Refactor groupby helper from tempita to fused types by noamher · Pull Request #24954 · pandas-dev/pandas (original) (raw)
I can't. Because then it will be found and used instead of the typed version.
Which will cause problems for a rather odd case where int64 is the type and the function is supposed to not be found at first, then found after the ndarray is cast into float64.not sure I understand we do this for all other functions.
@jreback I already have the next PR ready for the rest of the functions (group_prod, group_var, group_mean, group_ohlc).
I had to do the same thing (e.g. creating the group_prod_float64) for them as well for the same reason.
Description of the issue:
The issue is that the calling mechanism, first looks up by funcname, then by funcname_{{type}}.
The code the calls the calling mechanism has a fallback so that if an group_add is looked up with type int64, then the fallback is to cast into the input ndarray into float64, then lookup group_add with type float64.

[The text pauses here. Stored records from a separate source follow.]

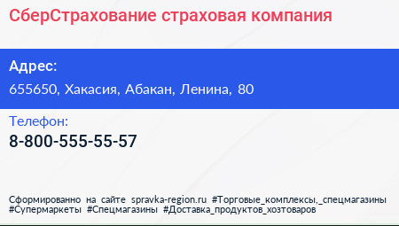 СберСтрахование, страховая компания по адресу 655650, Хакасия, Абакан, Ленина, 80 в дальнейшем Организация, размещена в следующих категориях:
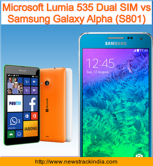 Main Features comparison of the devices Microsoft Lumia 535 Dual SIM and Samsung Galaxy Alpha (S801).
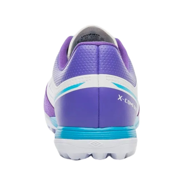 A chuteira de futebol de society Umbro X-Comfort proporciona acolchoamento, bem-estar e vida útil prolongada. O modelo possui o sistema BREEZE SYSTEM de elevada capacidade de respiração, que consiste em áreas perfuradas estrategicamente posicionadas para otimizar a circulação do ar. A palmilha interna X-Comfort feita de EVA e a sola constituída do mesmo material de ponta a ponta conferem absorção de impacto a cada passo.
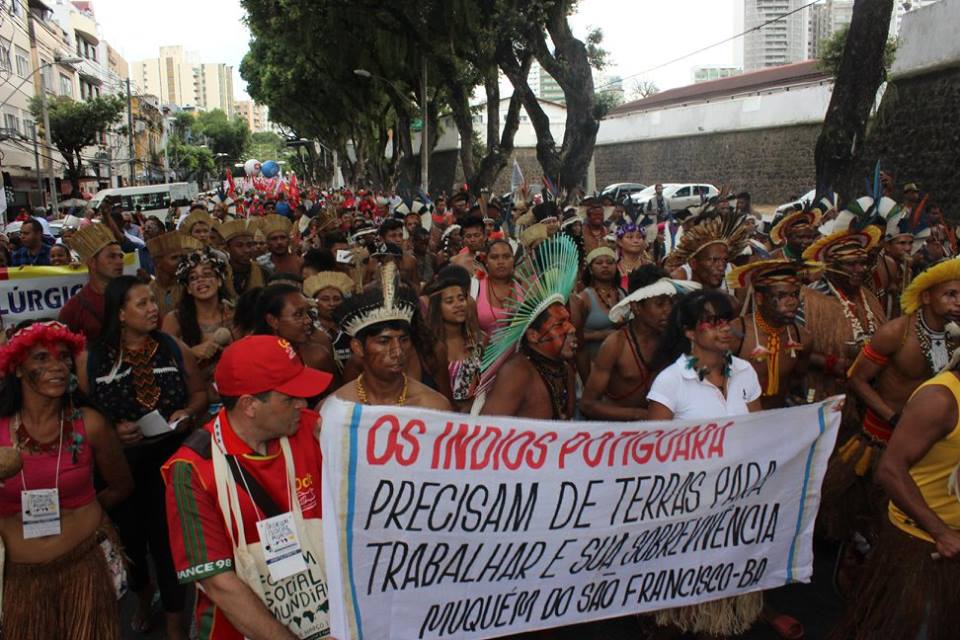 Os verdadeiros donos das terras respeitados e vindos à frente, com o canto, a força e a dança abrindo os caminhos da resistência, trazendo consigo milhares de pessoas de todo o mundo. Assim um grupo de índios Potiguara, do interior da Bahia, abriu a marcha que marcou o início do Fórum Social Mundial (FSM), na tarde desta terça-feira (13), em Salvador. Até o próximo sábado (17), unidos, em mais de 1300 atividades, representantes dos movimentos negro, feminista, LGBTs, sindicais, estudantis, partidos e outras organizações políticas, discutirão a criação e o fortalecimento mundial de alternativas sócio-políticas ao neoliberalismo. O ANDES-SN, a ADUNEB e o Fórum das ADs somam forças à organização e participam ativamente das atividades do FSM.
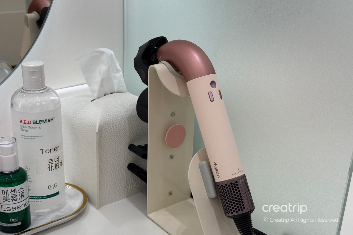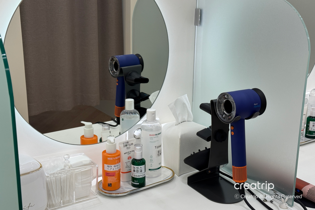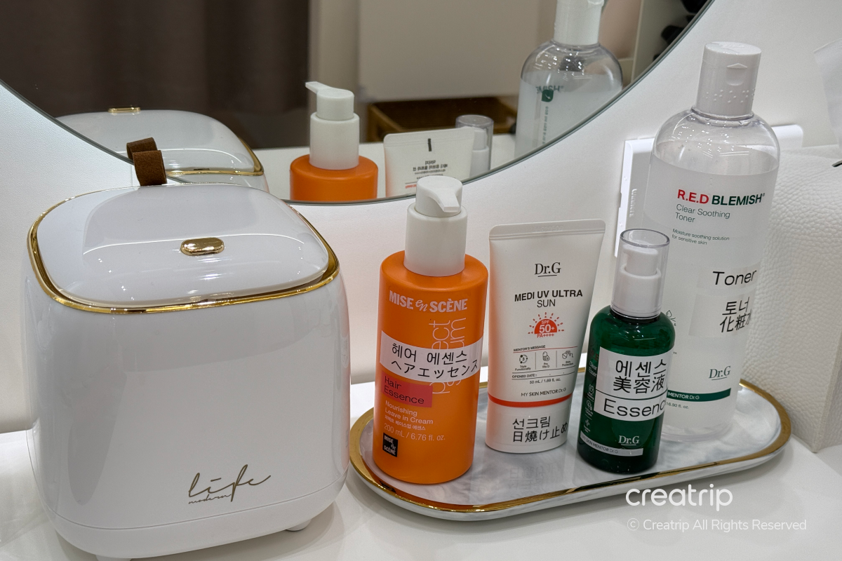 Selain itu, perlengkapan perawatan dasar seperti kapas, toner, essence, hair essence, dan tabir surya semuanya disediakan, jadi Anda bisa bersiap tanpa membawa barang tambahan.

So group_add is eventually called with an ndarray of type float64 and returns a result which is an ndarray of float64. Now, before returning the result, the fallback code casts the result back into int64. Then returns the result.
Implications:
Creating a group_add function that will be looked-up directly (not using type) means that when the lookup type is int64, the method will still be found (without the type in the name anyway). Calling it will succeed because of an implicit cast from int64 to float64.
Because the fallback code was never needed, there will be no cast back into int64.
This will fail tests and change the behavior of whatever's calling it in the first place.
To avoid this implications, group_add_{{type}} are defined the the function group_add is renamed into something that will fail the first lookup (e.g. _group_add).
I know that's not the prettiest solution but changing the calling mechanism is something I really tried to avoid because it seems a bit sensitive code to change without breaking anything.